Except for a Bible I saw in the car driven by one of our electricians, I've never seen any of my co-workers with a book, or even talk about one. That includes the office, not just my fellow rooftop installers and electricians. One lead installer does listen to books on tape, "inspirational" books about how to believe in yourself, make a successful career, etc. Funny thing is, he tries to be a serious Jew yet when I told him Friday that I will see the MetOpera production of Samson and Delilah, he had never heard of the story! BTW, I did see it yesterday, a GREAT show!
ReplyDeleteNobody at work ever asks me what I'm reading, though I always have a book or Kindle to read in the truck, and at lunch if I didn't bring a fiddle to play. Most of my brothers and sisters (big family!) don't read. Sadly, I doubt my son (18 yo) has read 10 books in his life, and those were quite simple. Most of these people consume information by browsing through videos they attend for perhaps 10 or 20 seconds each, or reading Facebook that has portioned attention down to literally fractions of a second. By contrast, even a slender book requires several hours of focused thought.

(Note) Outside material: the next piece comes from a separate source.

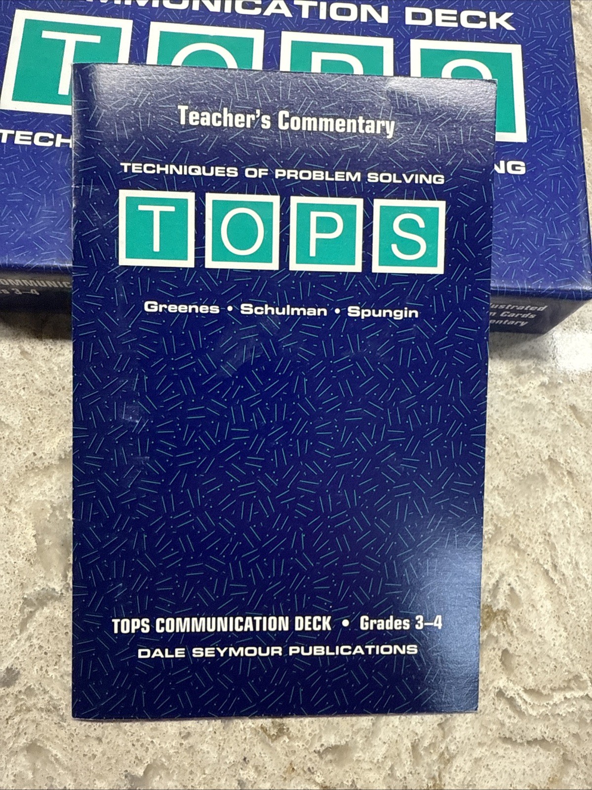 The TOPS Communication Deck Grades 3-4 Techniques of Problem Solving is a study guide published in 1993 by Dale Seymour Publications. Written by Greenes, Schulman, and Spungin, this flashcard-format book contains 100 pages of problem-solving techniques in English. Measuring 8 inches in length, 5.25 inches in width, and 1.25 inches in height, this textbook focuses on helping students in grades 3-4 develop their problem-solving skills.

I think I've said something like this here before: we seem to be entering a post-literate era, "aided" by technology, wherein the majority of people only read for immediate practical application, use dictation technology to even replace typing their thoughts (or google searches), yet know a lot about their immediate world through television, videos, movies and gossip. Popular music seems to be following a similar path, with less musical literacy due to computer-generated sounds and rhythms, singing reduced to spoken "rap" (often through a computer that modifies the timbre and pitch).
Before mourning these developments too hard, I reflect that most human history was pre-literate (and therefore technically pre-historic), that it was usually a small minority who were literate since the invention of writing, and therefore this whole democratic experiment assuming an informed and critically-minded citizenry was indeed quite radical and ahistoric. As a monarchist and cultural Catholic, none of this bothers me much.
Oh yes, almost forgot...you can always quote me on anything as you like, I don't much believe in copyrights. Like electricity, they are ruining music.
ReplyDeleteThanks, Will, I will put up a quote.
ReplyDeleteWhen I lived in Montreal I would see people reading all the time: on the bus, on the subway, in parks and judging from my recent trip, it still seems to be the case. But in Mexico one never sees anyone reading in public. I think I have read about five books a week since I was ten years old and if you count reading blogs and the Wall Street Journal online, I think I am still reading that much. Less of my reading is serious, however, and I aim to correct that. Two books I want to get through in the near future are the collected Nietzsche and the anthology of Chinese philosophy.